Thread: Range phrase operator in tsquery
Hello hackers, Nowadays, phrase operator in Postgres FTS supports only exact match of the distance between two words. It is sufficient for a search of simple/exact phrases, but in some cases exact distance is unknown and we want to words be close enough. E.g. it may help to search phrases with additional words in the middle of the phrase ("long, narrow, plastic brush" vs "long brush") Proposed patch adds ability to use ranges in phrase operator for mentioned cases. Few examples: 'term1 <4,10> term2'::tsquery -- Distance between term1 and term2 is -- at least 4 and no greater than 10 'term1 <,10> term2'::tsquery -- Distance between term1 and term2 is -- no greater than 10 'term1 <4,> term2'::tsquery -- Distance between term1 and term2 is -- at least 4 In addition, negative distance is supported and means reverse order of the words.
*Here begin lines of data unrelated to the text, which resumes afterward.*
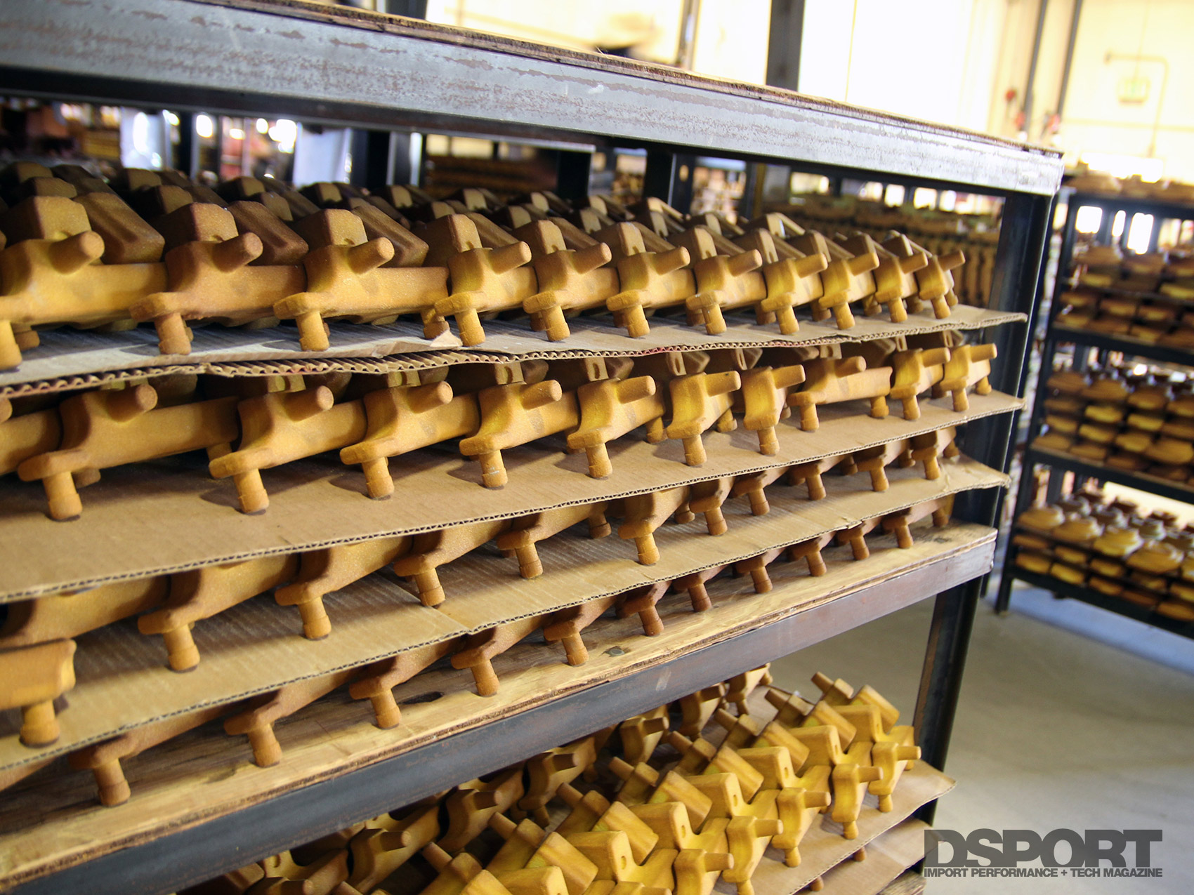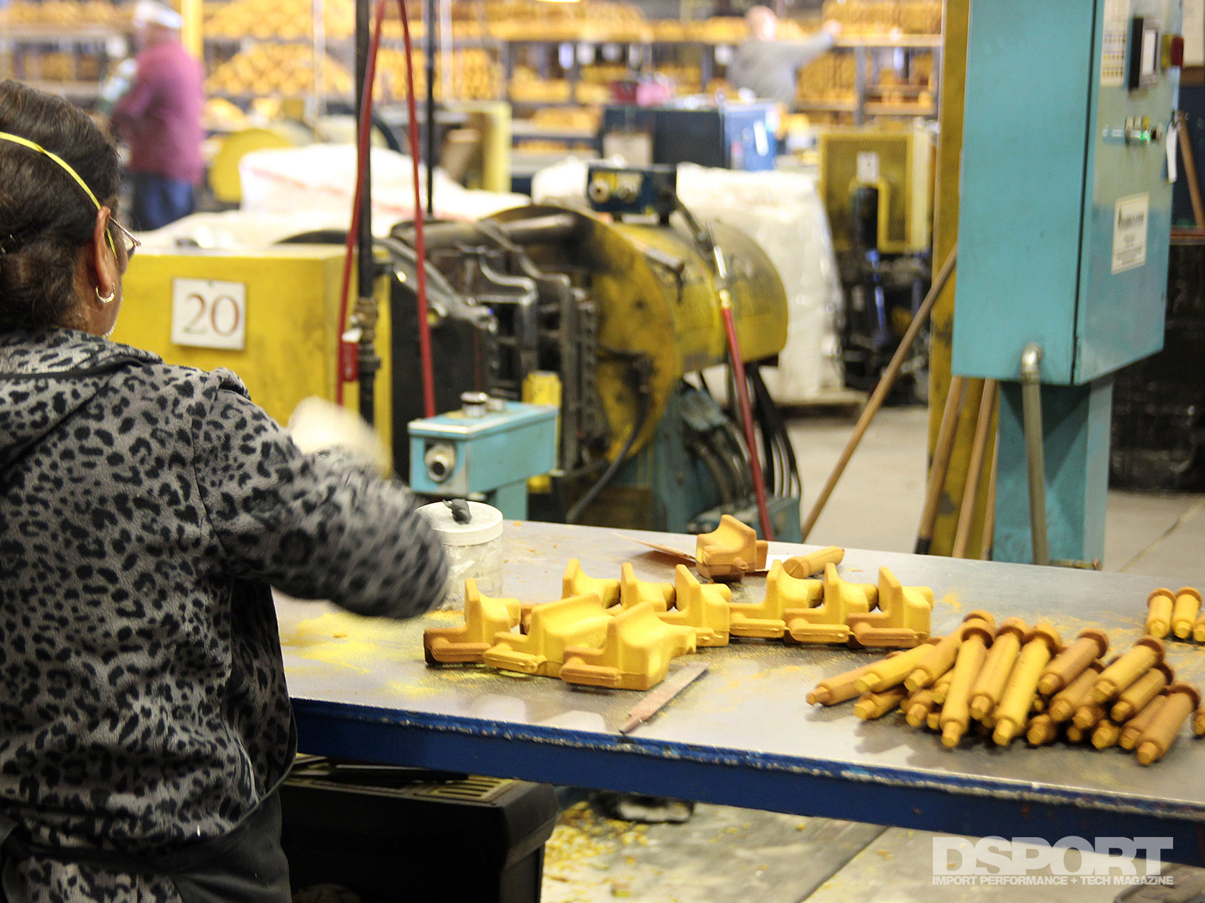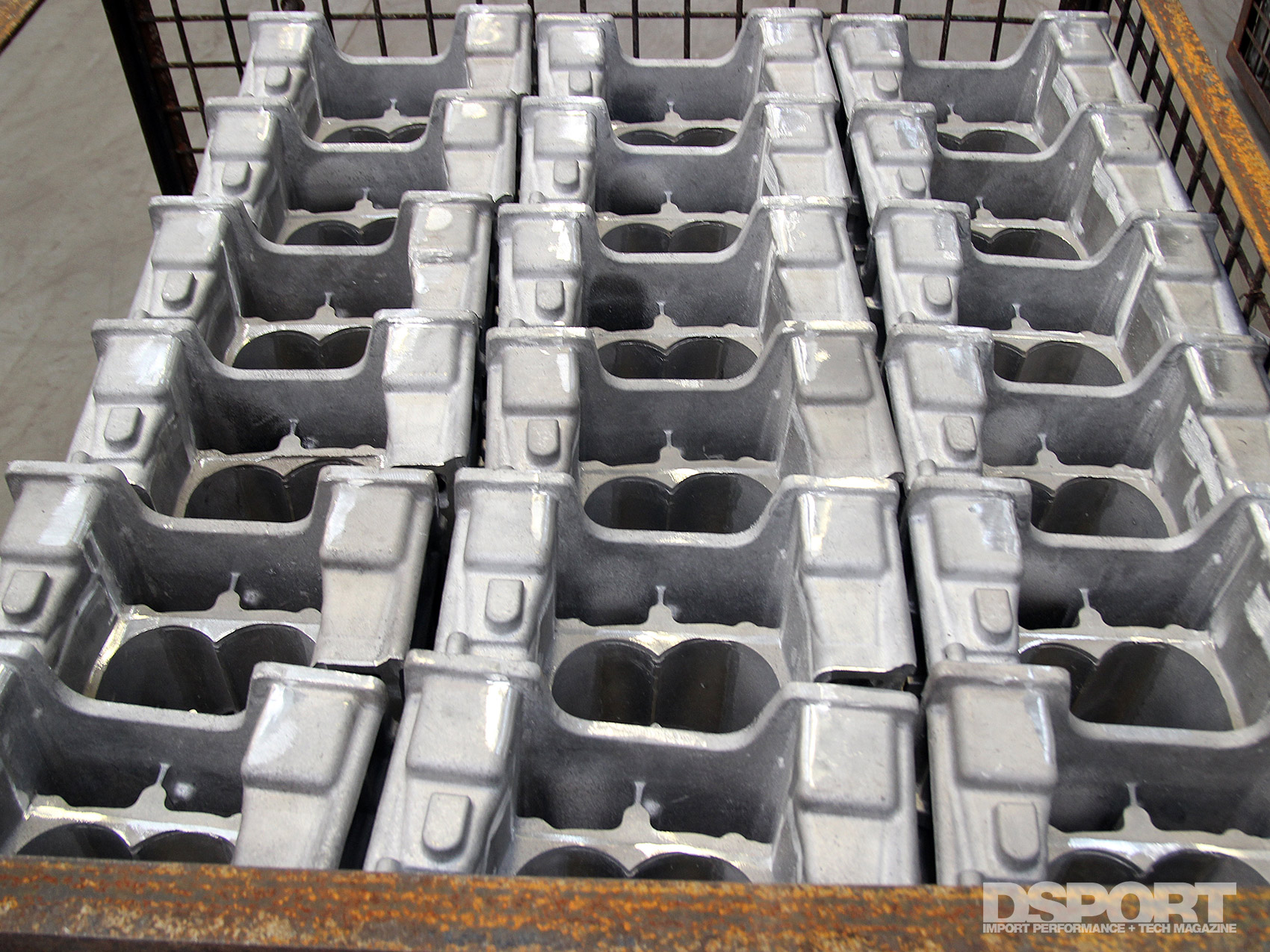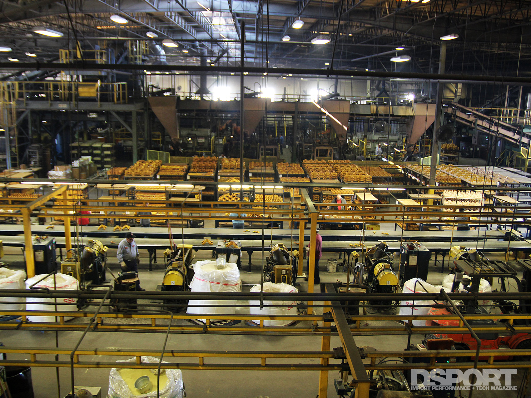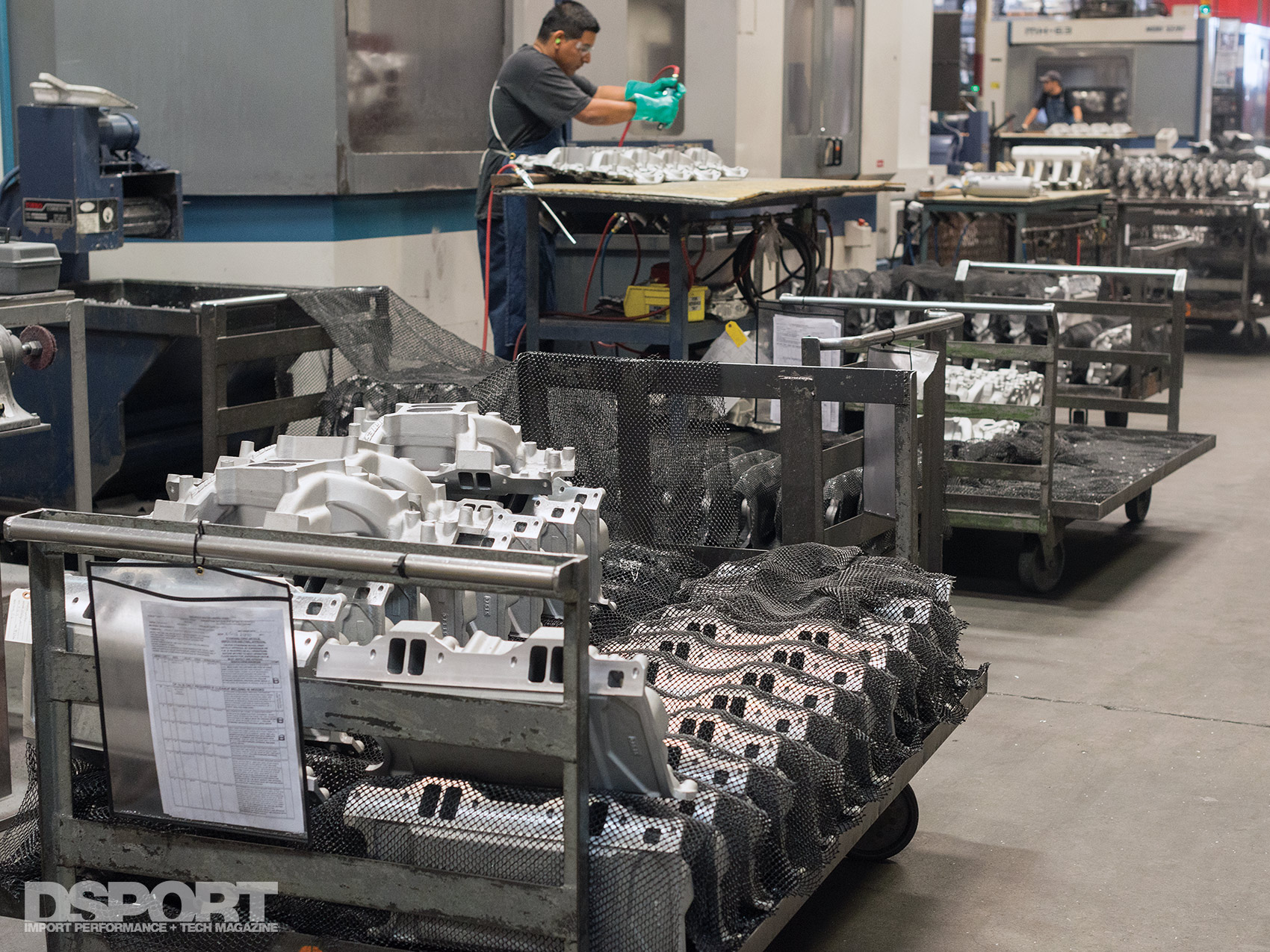 The 185,000 square foot Edelbrock Foundries in San Jacinto, California produce over 3,000 castings per day. Molding lines, core machines, a cold set core machine and a self-contained sand handling system fill the foundry, outputting high strength and high precision castings.
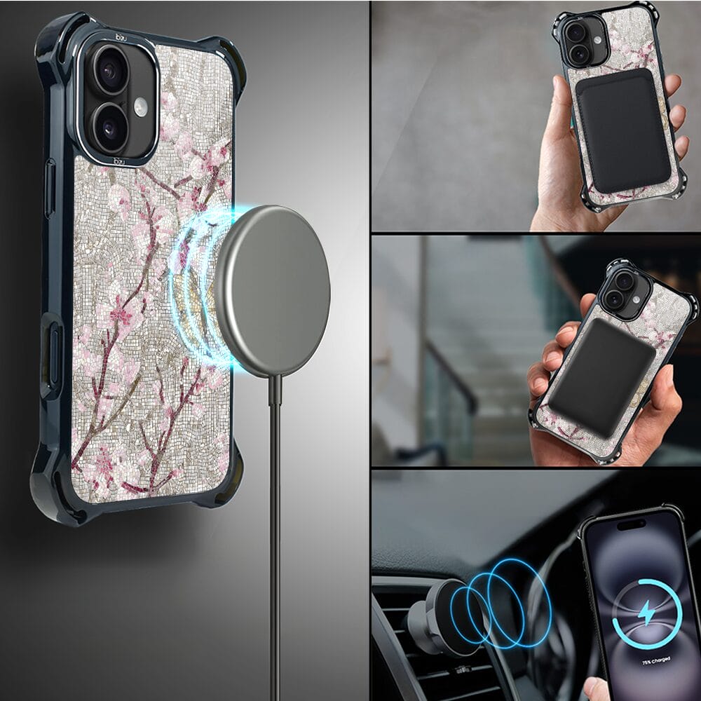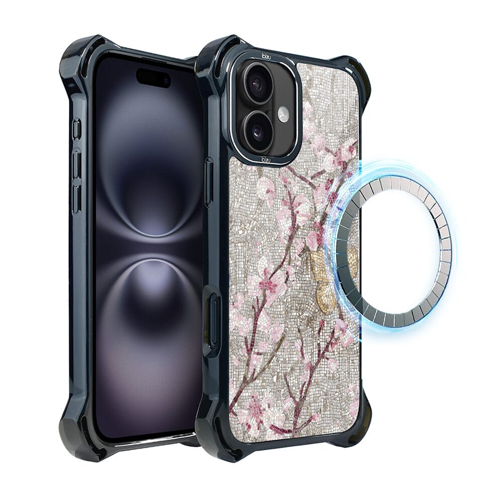 Etui do iPhone 16 Plus IBIZU DropGuard Ultra z MagSafe, Modern Classics, Mozaika kwitnącej wiśni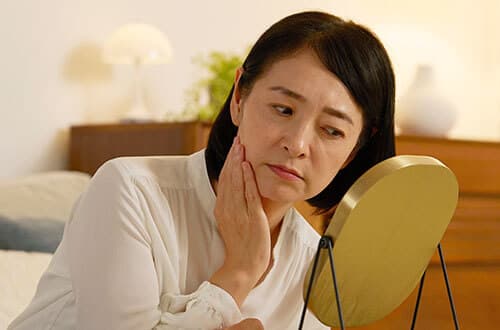骨格によるほうれい線への影響は自力での改善が難しい部分もありますが、顔全体の筋肉を鍛えたり、たるみを予防するスキンケアを継続したりすることで、見た目の印象を和らげることが可能です。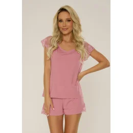 Blůza pyžama má krátké rukávy. Komplet doplňují krátké kalhoty. Rukávy, spodní okraj blůzy a boky kalhot jsou obšité krajkou.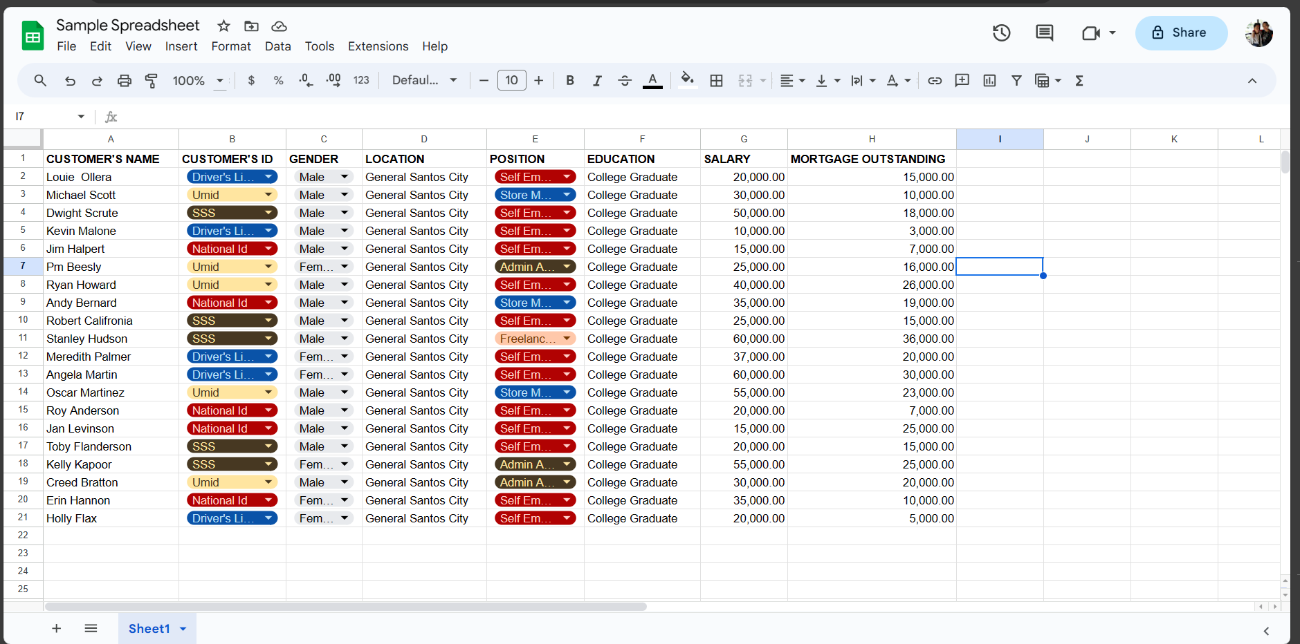 Spreadsheet Sample

For example: 'term1 <4,10> term2'::tsquery = 'term2 <-10,-4> term1'::tsquery 'term1 <,10> term2'::tsquery = 'term2 <-10,> term1'::tsquery 'term1 <4,> term2'::tsquery = 'term2 <,-4> term1'::tsquery Negative distance support introduced to use it for AROUND operator mentioned in websearch_to_tsquery[1]. In web search query language AROUND(N) does a search for words within given distance N in both forward and backward direction and it can be represented as <-N,N> range phrase operator. [1] https://www.postgresql.org/message-id/flat/fe931111ff7e9ad79196486ada79e268@postgrespro.ru -- Aleksandr Parfenov Postgres Professional: http://www.postgrespro.com Russian Postgres Company
Attachment
Hello hackers, Updated version of the patch in the attachment. -- Aleksandr Parfenov Postgres Professional: http://www.postgrespro.com Russian Postgres Company
Attachment
> On Fri, 27 Apr 2018 at 13:03, Aleksandr Parfenov <a.parfenov@postgrespro.ru> wrote: > > Nowadays, phrase operator in Postgres FTS supports only exact match of > the distance between two words. It is sufficient for a search of > simple/exact phrases, but in some cases exact distance is unknown and we > want to words be close enough. E.g. it may help to search phrases with > additional words in the middle of the phrase Hi, Thank you for the patch, it looks like a nice feature. Few questions: + if (!distance_from_set) + { + distance_from = distance_to < 0 ? MINENTRYPOS : 0; + } + if (!distance_to_set) + { + distance_to = distance_from < 0 ? 0 : MAXENTRYPOS; + } Why use 0 here instead of MAXENTRYPOS/MINENTRYPOS ? It looks a bit strange: SELECT 'a <,-1000> b'::tsquery; tsquery ------------------------ 'a' <-16384,-1000> 'b' (1 row) SELECT 'a <,1000> b'::tsquery; tsquery ------------------ 'a' <0,1000> 'b' (1 row) Also I wonder why after introducing MINENTRYPOS the LIMITPOS wasn't changed? #define LIMITPOS(x) ( ( (x) >= MAXENTRYPOS ) ? (MAXENTRYPOS-1) : (x) )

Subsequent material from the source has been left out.